Enam tahun yang lalu saya kesini diantar oleh abang tricycle, so karena diantar dan ditunggu itulah saya merasa keburu-buru. Nggak puas gitu lho. Jadilah kali ini saya bertekad mau puas-puasin di tempat ini, melihat setiap sudutnya dengan santai karena saya punya waktu yang tak terbatas.

Setelah membayar 75 Peso di gerbang, saya tersenyum memandang Plaza Moriones. Ah, berbeda sekali suasananya dengan enam tahun yang lalu. Lebih rapi, lebih manis, dan yang pasti saya lebih santai. Tapi tetap sih, panasnya masih tetap gahar.

“Ikaw ang superstar, ang star ng buhay ko..”

Lagu Superstar yang dinyanyikan oleh Cinderella itu mengiringi langkah saya memasuki Plaza Moriones. Lagu ini sejak berbulan-bulan lalu ada di playlist hape saya karena sebuah kebetulan. Tapi sampai sekarang saya nggak ngerti arti di balik lagu ini. *tapi lagunya enak banget… ♬♫♬

Saya singgah dulu ke tourist information center untuk mendapatkan peta Intramuros.

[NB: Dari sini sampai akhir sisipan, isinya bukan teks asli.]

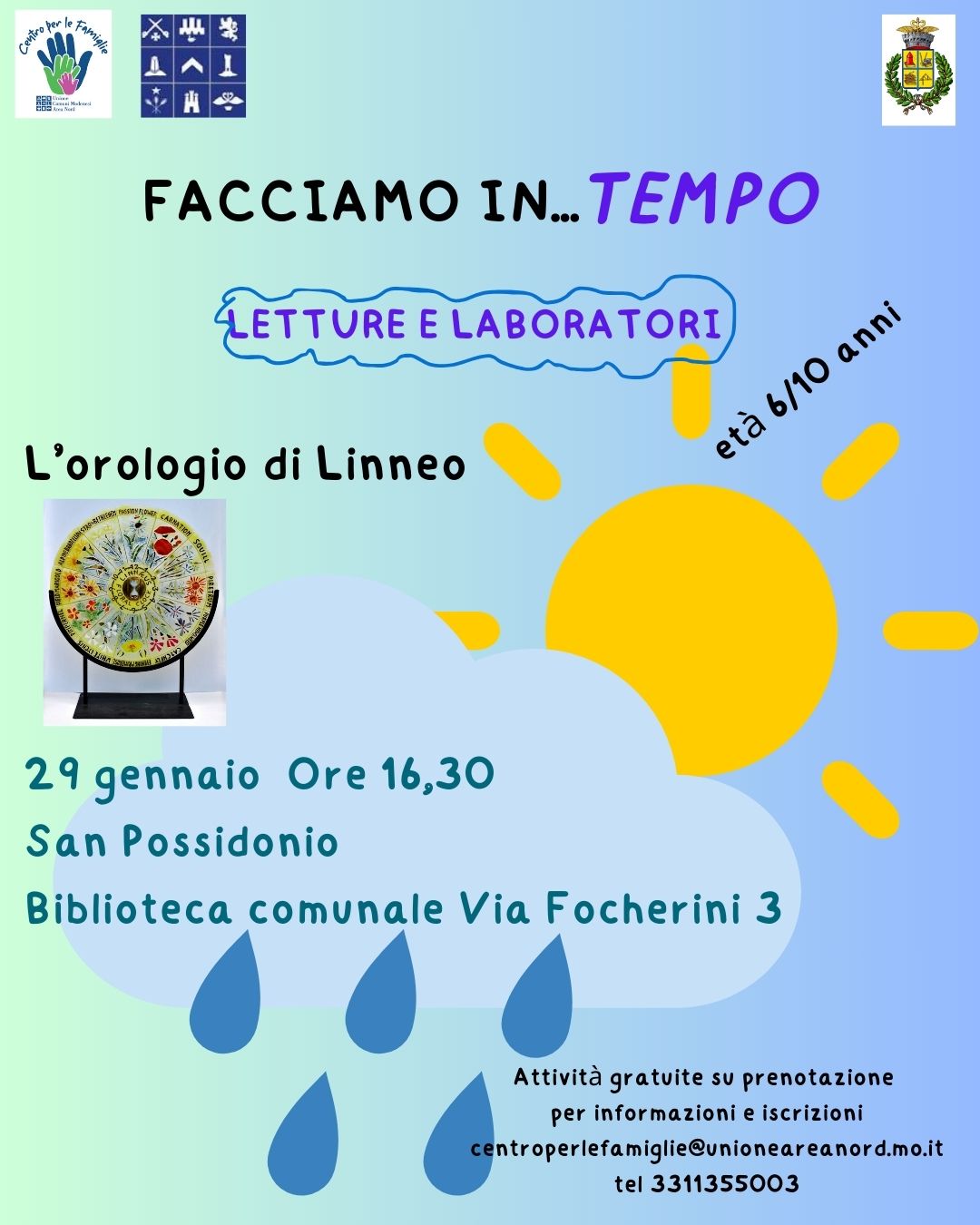 Il laboratorio, intitolato "L'orologio di Linneo", si svolgerà il 29 gennaio alle ore 16:30 presso la Biblioteca comunale in Via Focherini 3.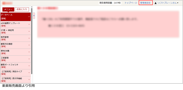 2. [管理者設定]をクリックします。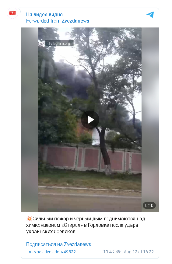 Zurück zu Ukrainische Streitkräfte nehmen Chemiefabrik "Stirol" in Gorlowka unter Feuer

Benarlah dalam enam tahun ini terlihat banyak kemajuan di tempat ini. Peta yang dulu dicetak di atas kertas coklat kini dicetak full colour (tapi saya lebih senang dengan peta versi coklat itu siy), lalu ada buklet-buklet petunjuk tentang objek-objek di Intramuros.


Intramuros artinya kota di dalam tembok. Pada tahun 1571, Miguel Lopez de Legazpi menetapkan Manila sebagai ibukota koloni Spanyol di belahan bumi sebelah timur. Oleh karena itu kota ini dilindungi oleh tembok-tembok setebal 2 hingga 2.5 meter dengan tinggi antara 4 hingga 6.5 meter. Jadi : Manila pada masa itu adalah Intramuros. Area Intramuros ini luasnya 64 hektar dan memiliki tujuh pintu gerbang. Selain berfungsi sebagai pusat pemerintahan, disini juga merupakan pusat Gereja Katolik Filipina.

Sebelum dikuasai oleh Spanyol, area Intramuros yang terletak di tepi Teluk Manila ini adalah suatu area strategis yang ditempati oleh suku Tagalog dan Kapampangan dan menjadi pusat perdagangan dengan para pedagang dari China, Indonesia, dan India. Sebelum tahun 1485 M, kawasan ini adalah bagian dari Kerajaan Majapahit namun kemudian diinvasi oleh Kerajaan Brunei dan dijadikan semacam negara bagian dengan Rajah Sulayman sebagai pemimpinnya. Raja ini kemudian membangun benteng kayu yang letaknya di lokasi Fort Santiago saat ini.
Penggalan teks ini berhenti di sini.